Tjehanga villagers team up to construct community dam

In a massive show of unity of purpose including an effort to solve perennial water woes for livestock and humans, villagers from Tjehanga area in Bulilima, Plumtree District, successfully teamed up to construct a dam without donor funding or government assistance.

The community has been contributing R100 per homestead for almost a year since 2020, targeting to raise about R150 000 needed to hire an earth moving truck.

The earth moving truck company had charged a dry rate of close to R1 000 per hour to reconstruct Mpangana Dam.

Villagers said last constructed by the colonial government about 60 years ago, Mpangana Dam accumulated silt and debris over time and eventually filled up with mud in 1990 due to lack of de-silting measures.

The mud-filled dam also become a death trap for cattle and donkeys that would be stuck in the mud whilst seeking water.

An estimated 20 to 30 cattle in the area would also die annually from getting stuck in the mud, depriving families who mostly thrive on subsistence farming, of draught-power and wealth.

“The community that surrounds and uses Mpangana Dam had a meeting in August 2019 to discuss shortages of water in our community. The previous dam constructed 60 years ago by the colonial government became shallow as it was never maintained,” said Shepered Ngwenya, one of the community members who spearheaded the dam construction.

“Every rainy year, Tjontala river flowed into the dam bringing with it a layer of rubbish, soil, and mud that was filling up the dam. We ended up having a depleted dam in 1990, which would run dry by mid-June or early July and was unable to last villagers from the rainy season to the next.”

Ngwenya says the process of securing water for their livestock had become time consuming and difficult such that they could not manage to fulfill daily obligations, leading to stock loss and death to thirst.

“It is tough because you cannot do this every day. Some of us are a bit far from the boreholes and one can’t use wheelbarrows to ferry water, our soils are sandy and paths have gullies. Most boreholes in the area are very heavy for one person to pump alone and fill up a 20 litre bucket,” he said.”

“As villagers we discussed our plight and decided that we need to construct a dam. It was agreed that everyone in the diaspora had to work on contributing R1 200 per individual for a year, from September 2020 to September 2021, which was R100 per month. All homesteads from Tjehanga especially Tjontala and Tjaheta villages that benefit from Mpangana dam for water purposes were to contribute a compulsory R250 once off payment.

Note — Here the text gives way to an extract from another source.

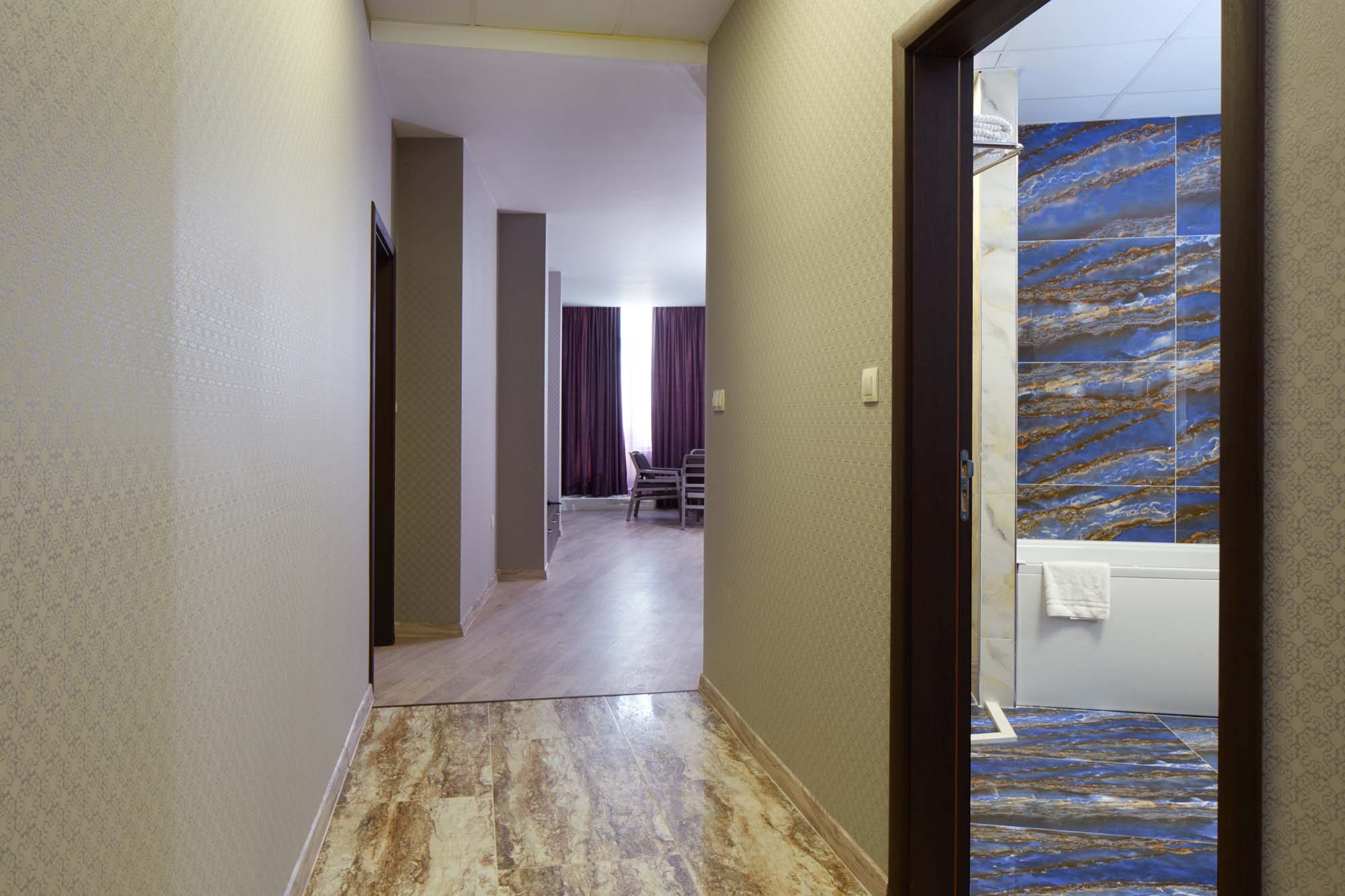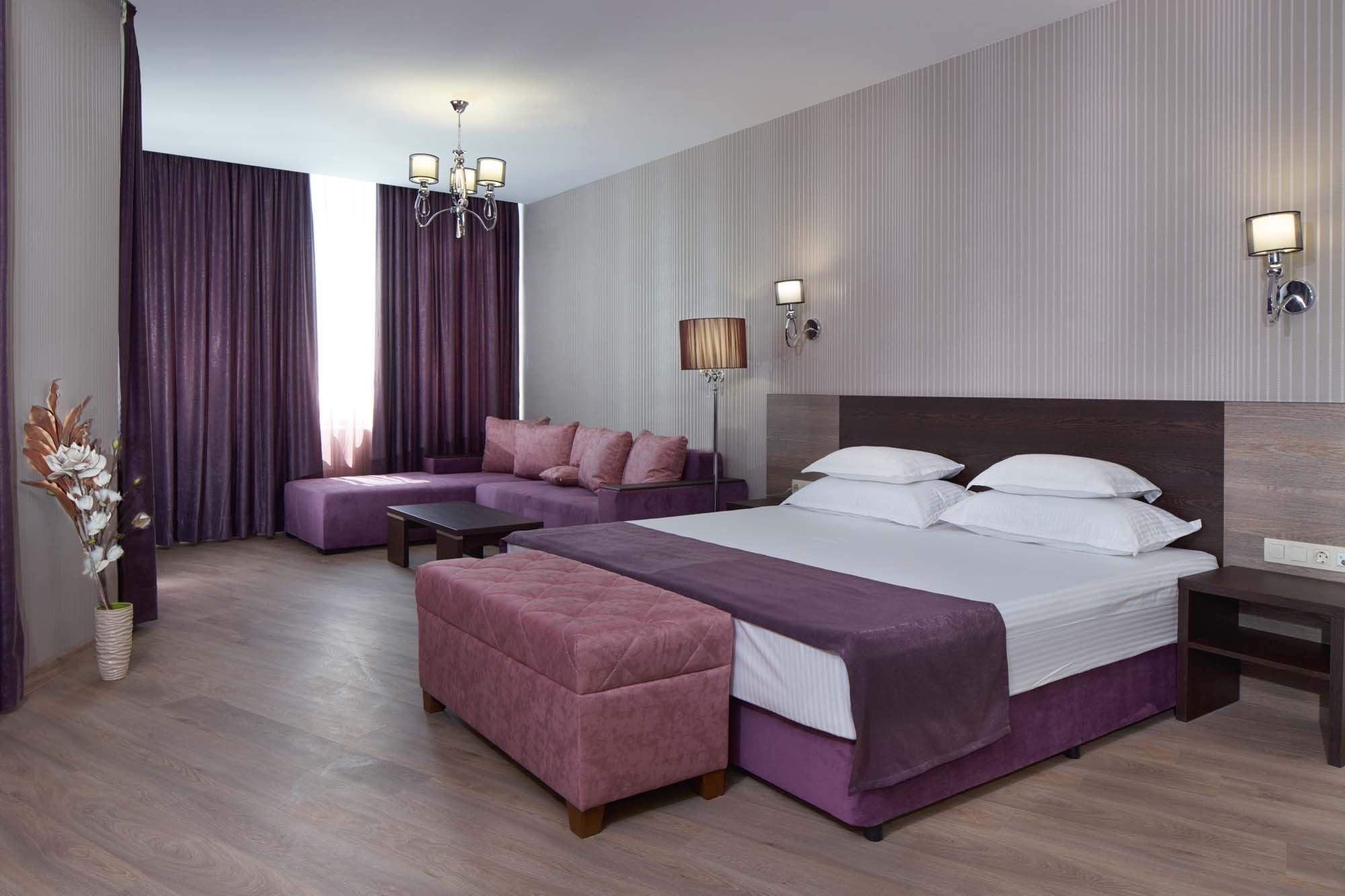 Просторен и комфортен луксозен апартамент с две отделни спални и всекидневна с разтегателен диван и трапезарна маса – идеален за семейства или по-големи компании. Разполага с 100кв.м балкон с шатра с маса и столове за 6 души, шезлонги и чадъри и невероятна панорамна морска гледка, климатик, LCD телевизор, минибар, кухненски бокс, сейф и баня с душ и тангенторна вана за пълноценна почивка.

“Our target was to raise not less than R150 000 for us to have a better dam that can last another 50 years and by September 2021 about 60 percent payments due had been made but that could not deter us from constructing the dam,” Ngwenya noted.

Before the dam construction, life had not been easy for the villagers, who had to drive their cattle and donkeys for a tiring 30 kilometre to and from trip daily to seek drinking water at the neighboring Ngwana and Nyele dams.

The distance factor also negatively affected livestock growth, which would ‘obviously’ be thirsty again by the time they arrive back at Tjehanga at sunset only to be shut in kraals for the night.

That is if the cattle made it back without being lost along the way.

Movement of livestock from one village to another in search of water also created tensions among villagers, as there were complaints of overgrazing in areas along the paths to the neighbouring dams.

Villagers also faced a daunting task of hand pumping water into dishes and troughs for smaller livestock, goats, sheep, calves and sick or pregnant cows that would not be let to travel the long distance for the obvious reason of fatigue and scorching hot weather in summer.

With most boreholes in the area not functioning or with low water yields per minute, long queues for the precious liquid for portable use and livestock were prevalent at these community shared boreholes.

The construction of the dam, estimated to benefit about 500 homesteads and about 40 000 livestock from Tjehanga, Tjaheta, Tjonkala, Nyele and Ngwana, was completed after a week’s work, without government or donor funding but sacrifice by community members.

The community now awaits for the rains to fill-up the dam this season.